Required work
Copy out the data word for word, without any of its pictures.

Data provided
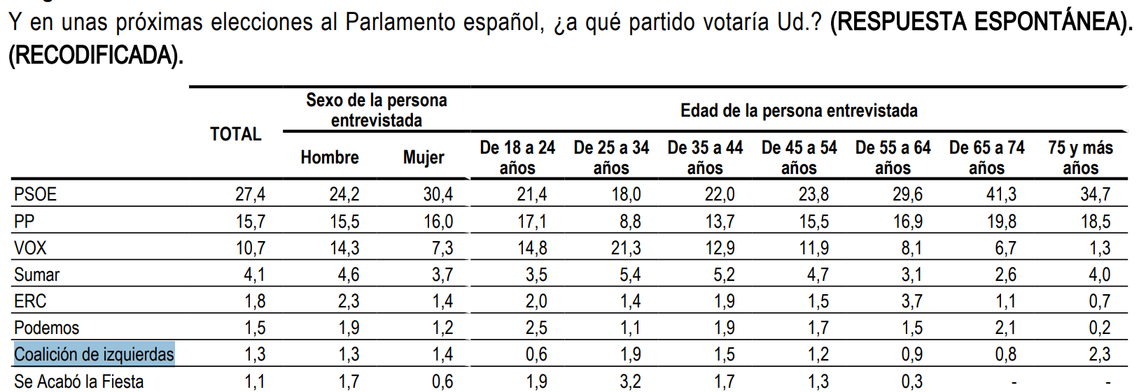 En concreto, aparece después de que el CIS plantee esta cuestión: “En unas próximas elecciones al Parlamento español, ¿a qué partido votaría Ud.?” Un experto demoscópico consultado por Artículo14 responde así ante la súbita aparición de esta respuesta “espontánea” (según el CIS): “Desde luego la gente no responde directamente coalición de izquierdas”.
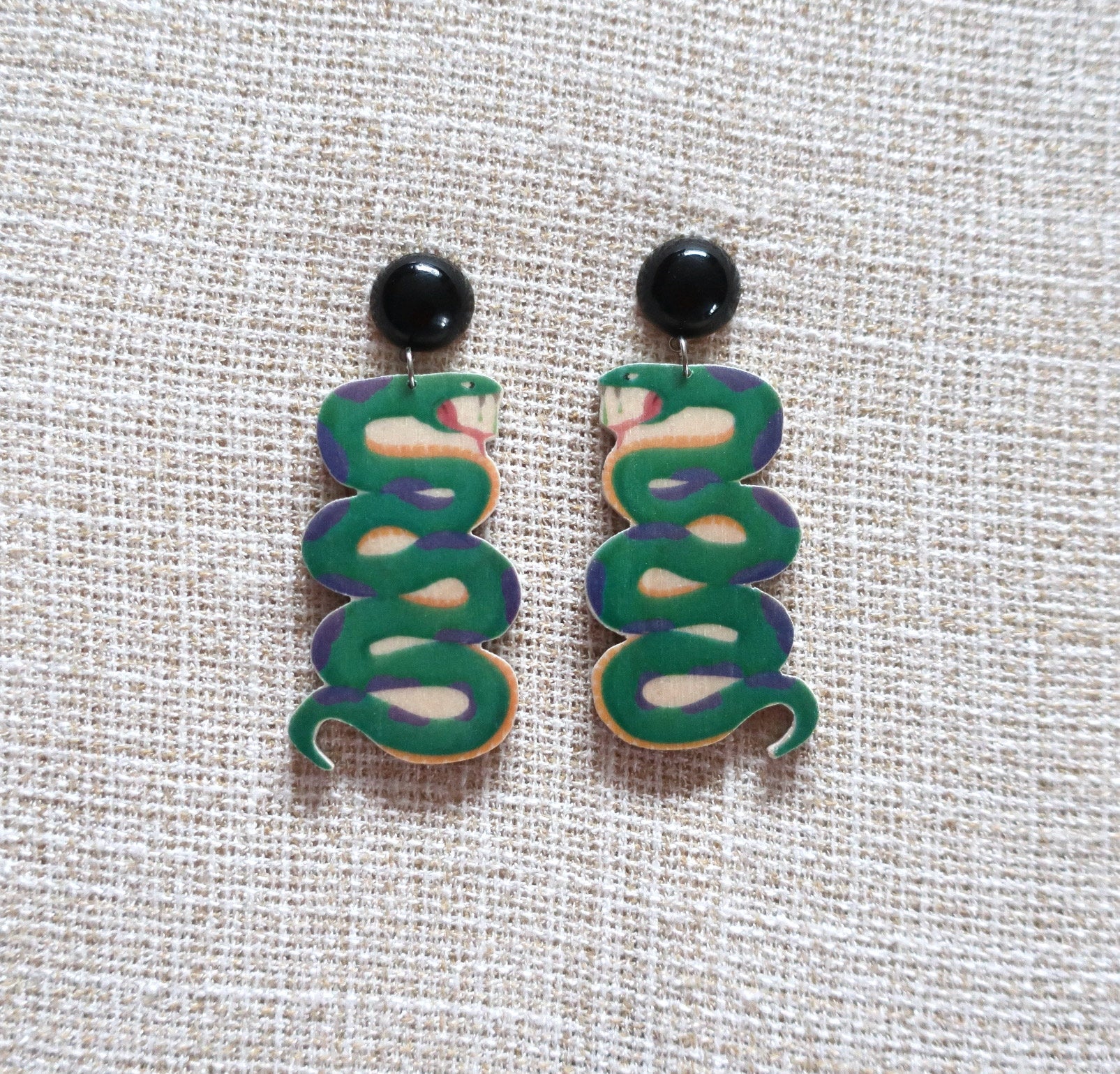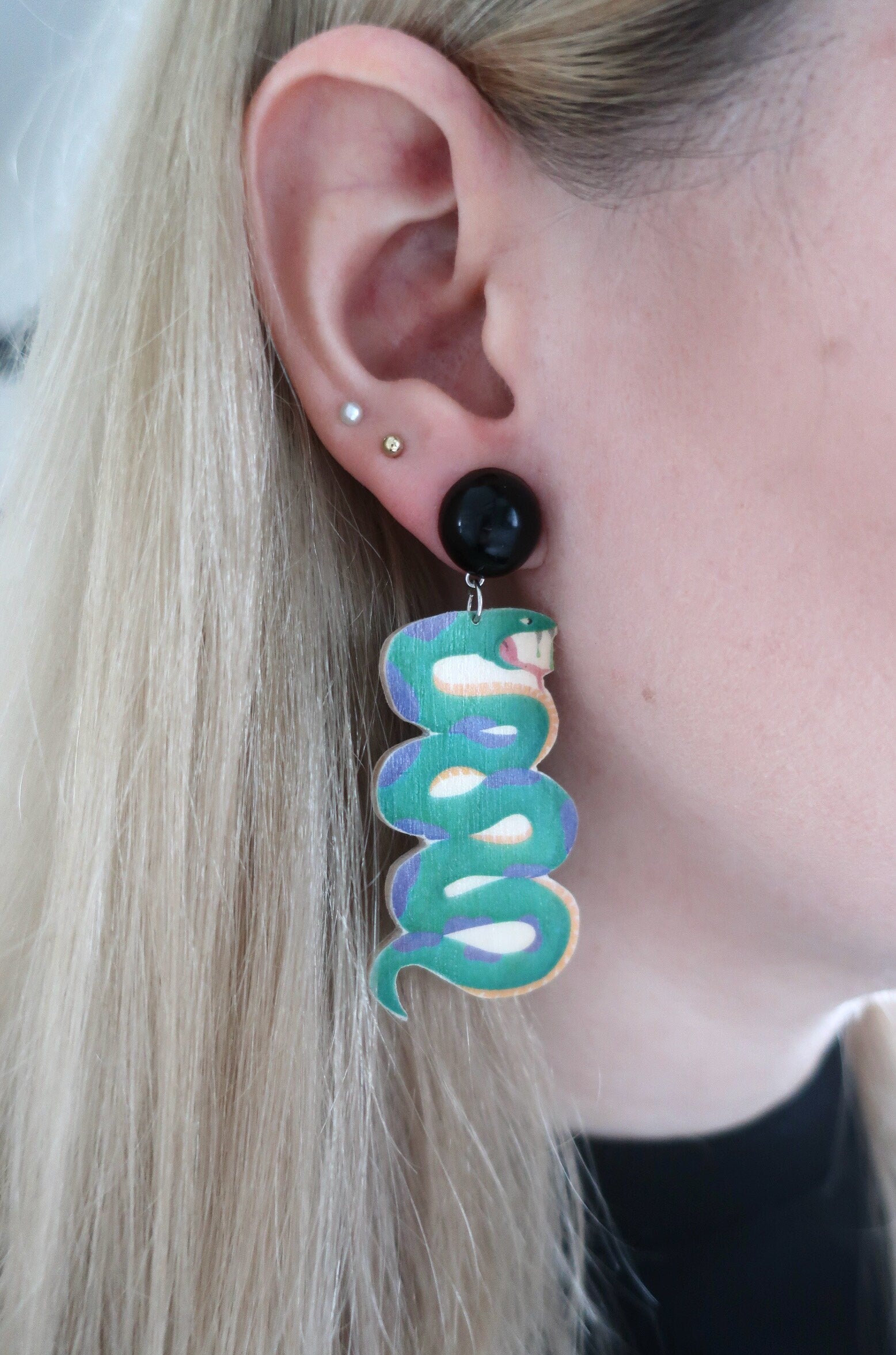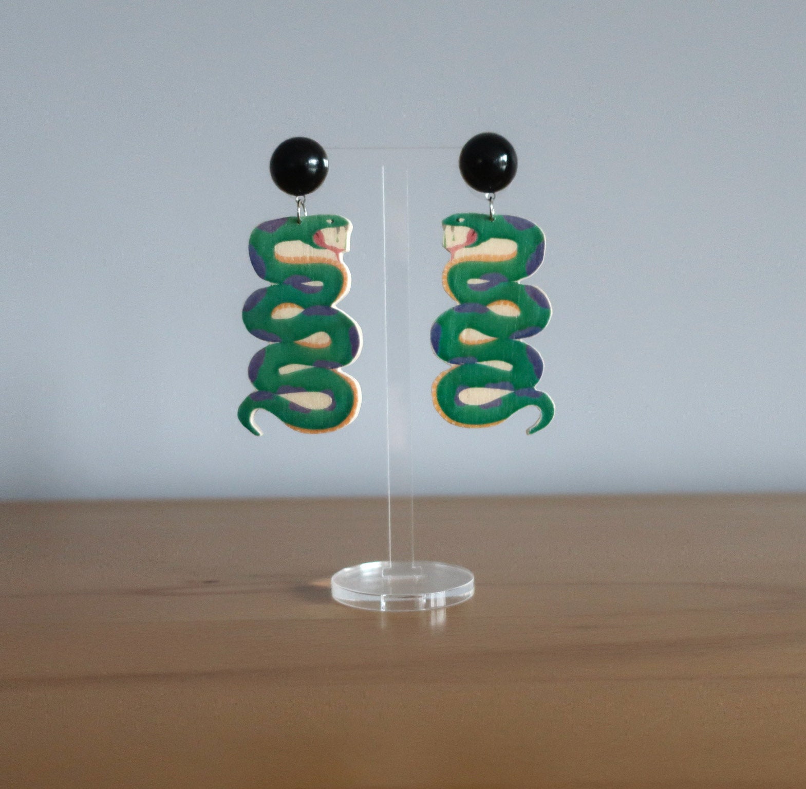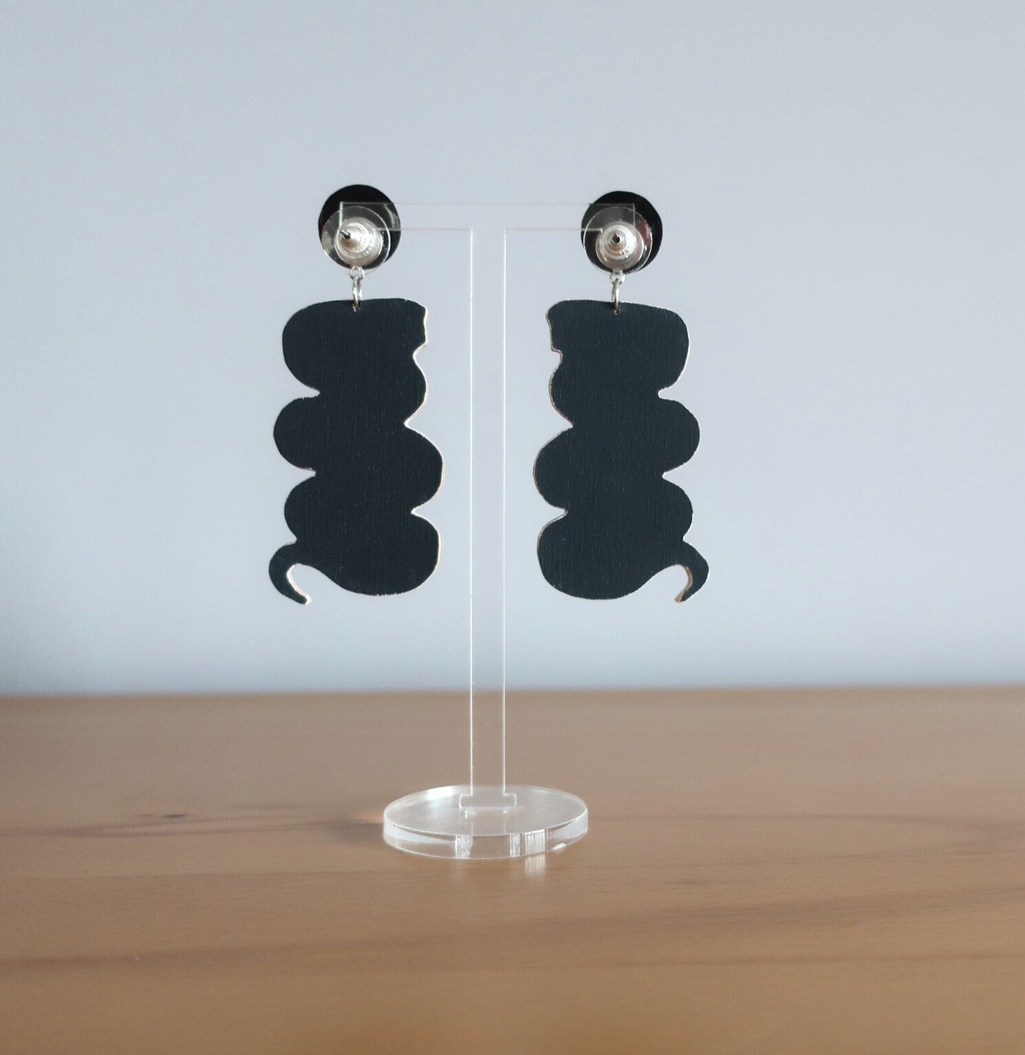 Für diese Ohrringe habe ich eine Zeichnung am Computer erstellt, die ich anschließend manuell auf Birkenholz übertragen und dann mit einer Dekupiersäge ausgesägt habe. Um die Haltbarkeit zu verbessern wurde eine Schicht matter Lack aufgetragen.
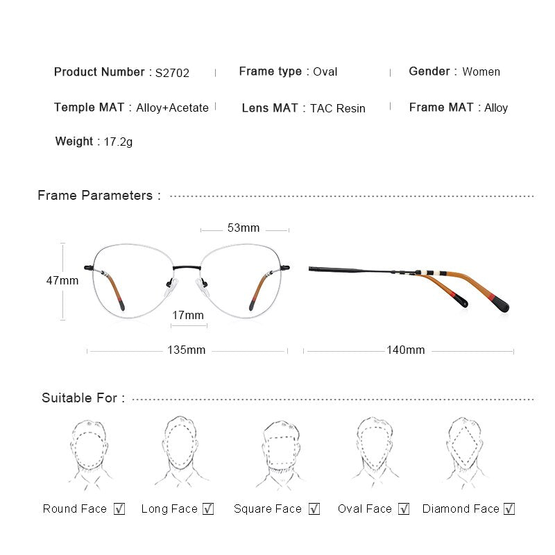 MERRYS DESIGN Women Classic Titanium Alloy Retro Oval Glasses Frames Frame Eyeglasses Ultralight Frame S2702
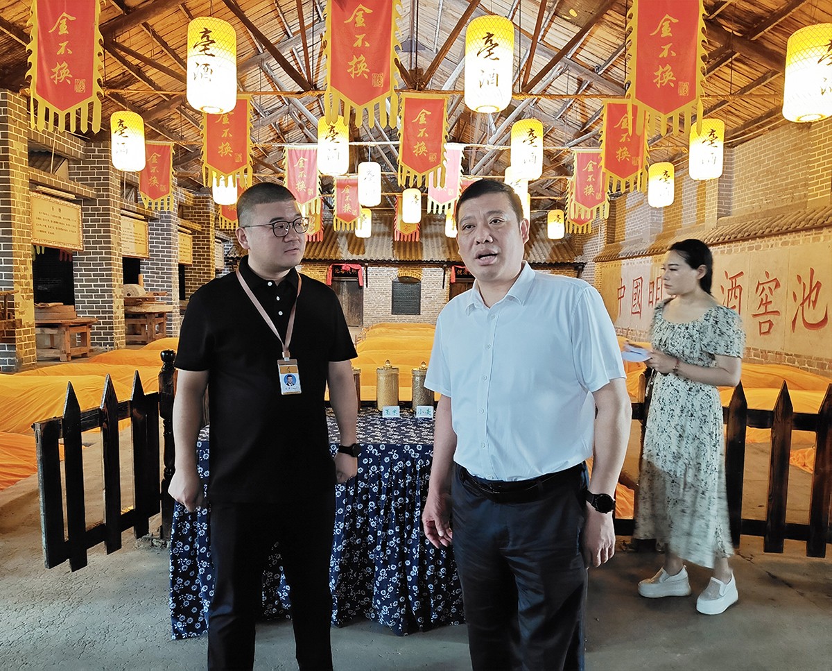 宋保眾一行查看了金不換1號藏酒庫、明代窖池群生產(chǎn)車間、新建智能化倉儲和包裝車間、建設(shè)項目用地、亳酒城市會客廳等,對金不換廠榮廠貌整潔優(yōu)美的環(huán)境給予高度贊揚,對藏酒規(guī)模、數(shù)量和白酒高質(zhì)量發(fā)展給予充分肯定,對金不換發(fā)展的前景充滿信心。
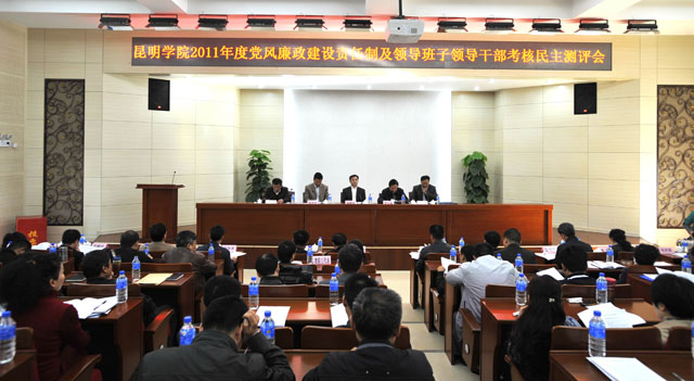 3月9日,由省教育厅巡视员郭玉鉴同志任组长,云南财经大学党委副书记潘祖和同志、云南民族大学纪委书记卢培义同志为副组长,云南财经大学、玉溪师范学院、文山学院、昭通师专和云南司法警官职业学院相关干部组成的省委第五检查组对德赢官网2011年度推进惩防体系建设和落实党风廉政建设责任制情况以及领导班子领导干部年度工作进行检查考核。学校党政领导班子成员、中层正职领导干部(含主持部门工作的副职领导干部)、近三年退休的校级老领导、部分党代表、人大代表、政协委员,民主党派基层组织主要负责人,教职工代表91人参加了检查考核汇报会。汇报会由学校党委副书记、校长陈世波同志主持。
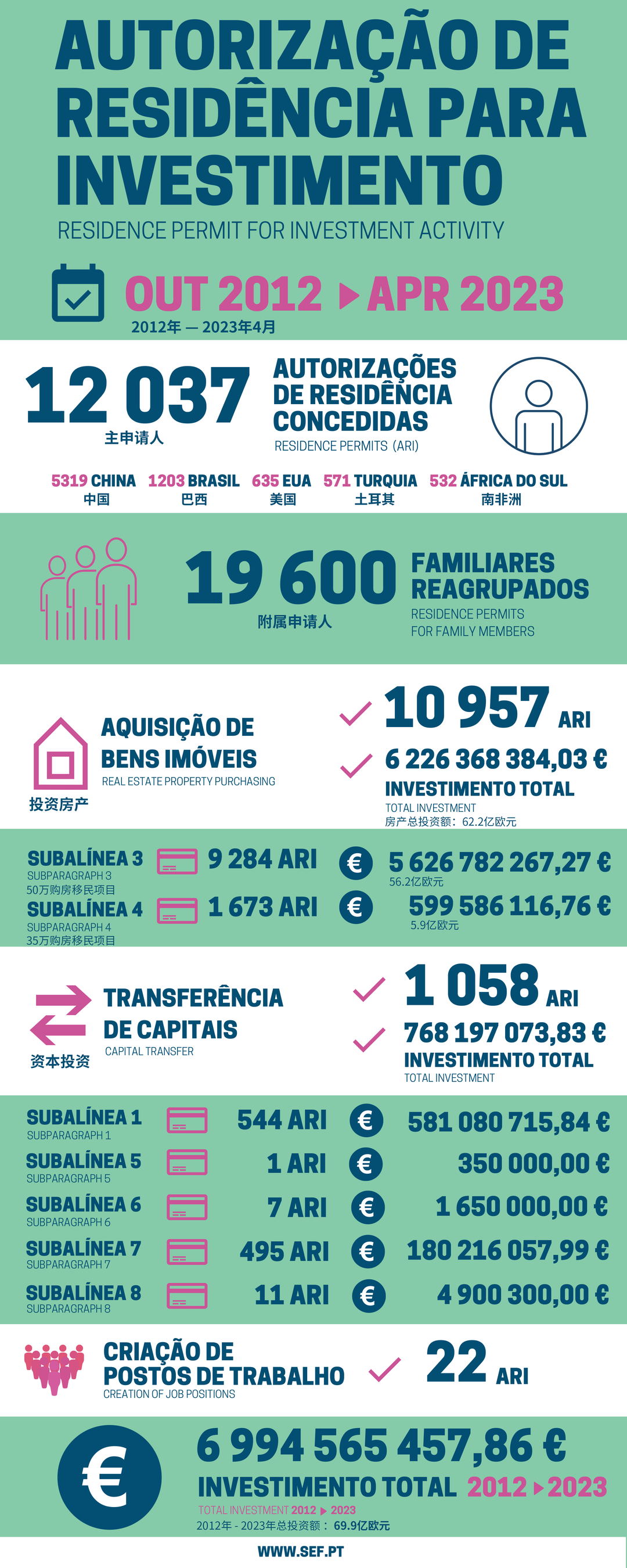 截至2023年4月,葡萄牙黃金簽證累計獲批主申請人12,037位,獲批附屬申請人19,600位。其中獲批的中國家庭已經(jīng)突破5,319,始終占據(jù)半壁江山;其次是巴西和美國。
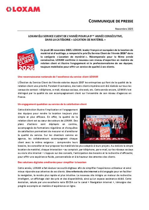 Loxam, leader français et européen de la location de matériel et d’outillage, a remporté le prix Élu Service Client de l’Année 2026 dans la catégorie « Location de matériel ». Récompensée pour la 9e année consécutive, Loxam confirme à nouveau son niveau d’expertise en matière de relation client et illustre l’engagement et le professionnalisme de ses équipes, toujours mobilisées pour offrir un service de qualité à ses clients.
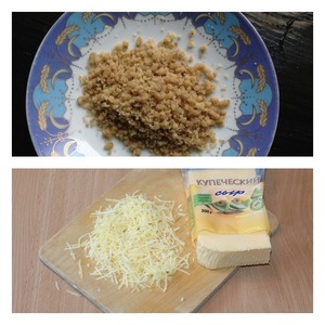 Очищенные грецкие орехи пропустить через мясорубку или измельчить блендером. Сыр натереть на средней терке. Собрать салат слоями:

Exercise solution
 En concreto, aparece después de que el CIS plantee esta cuestión: “En unas próximas elecciones al Parlamento español, ¿a qué partido votaría Ud.?” Un experto demoscópico consultado por Artículo14 responde así ante la súbita aparición de esta respuesta “espontánea” (según el CIS): “Desde luego la gente no responde directamente coalición de izquierdas”.
 Für diese Ohrringe habe ich eine Zeichnung am Computer erstellt, die ich anschließend manuell auf Birkenholz übertragen und dann mit einer Dekupiersäge ausgesägt habe. Um die Haltbarkeit zu verbessern wurde eine Schicht matter Lack aufgetragen.
 MERRYS DESIGN Women Classic Titanium Alloy Retro Oval Glasses Frames Frame Eyeglasses Ultralight Frame S2702
 宋保眾一行查看了金不換1號藏酒庫、明代窖池群生產(chǎn)車間、新建智能化倉儲和包裝車間、建設(shè)項目用地、亳酒城市會客廳等,對金不換廠榮廠貌整潔優(yōu)美的環(huán)境給予高度贊揚,對藏酒規(guī)模、數(shù)量和白酒高質(zhì)量發(fā)展給予充分肯定,對金不換發(fā)展的前景充滿信心。
 3月9日,由省教育厅巡视员郭玉鉴同志任组长,云南财经大学党委副书记潘祖和同志、云南民族大学纪委书记卢培义同志为副组长,云南财经大学、玉溪师范学院、文山学院、昭通师专和云南司法警官职业学院相关干部组成的省委第五检查组对德赢官网2011年度推进惩防体系建设和落实党风廉政建设责任制情况以及领导班子领导干部年度工作进行检查考核。学校党政领导班子成员、中层正职领导干部(含主持部门工作的副职领导干部)、近三年退休的校级老领导、部分党代表、人大代表、政协委员,民主党派基层组织主要负责人,教职工代表91人参加了检查考核汇报会。汇报会由学校党委副书记、校长陈世波同志主持。
 截至2023年4月,葡萄牙黃金簽證累計獲批主申請人12,037位,獲批附屬申請人19,600位。其中獲批的中國家庭已經(jīng)突破5,319,始終占據(jù)半壁江山;其次是巴西和美國。
 Loxam, leader français et européen de la location de matériel et d’outillage, a remporté le prix Élu Service Client de l’Année 2026 dans la catégorie « Location de matériel ». Récompensée pour la 9e année consécutive, Loxam confirme à nouveau son niveau d’expertise en matière de relation client et illustre l’engagement et le professionnalisme de ses équipes, toujours mobilisées pour offrir un service de qualité à ses clients.
 Очищенные грецкие орехи пропустить через мясорубку или измельчить блендером. Сыр натереть на средней терке. Собрать салат слоями:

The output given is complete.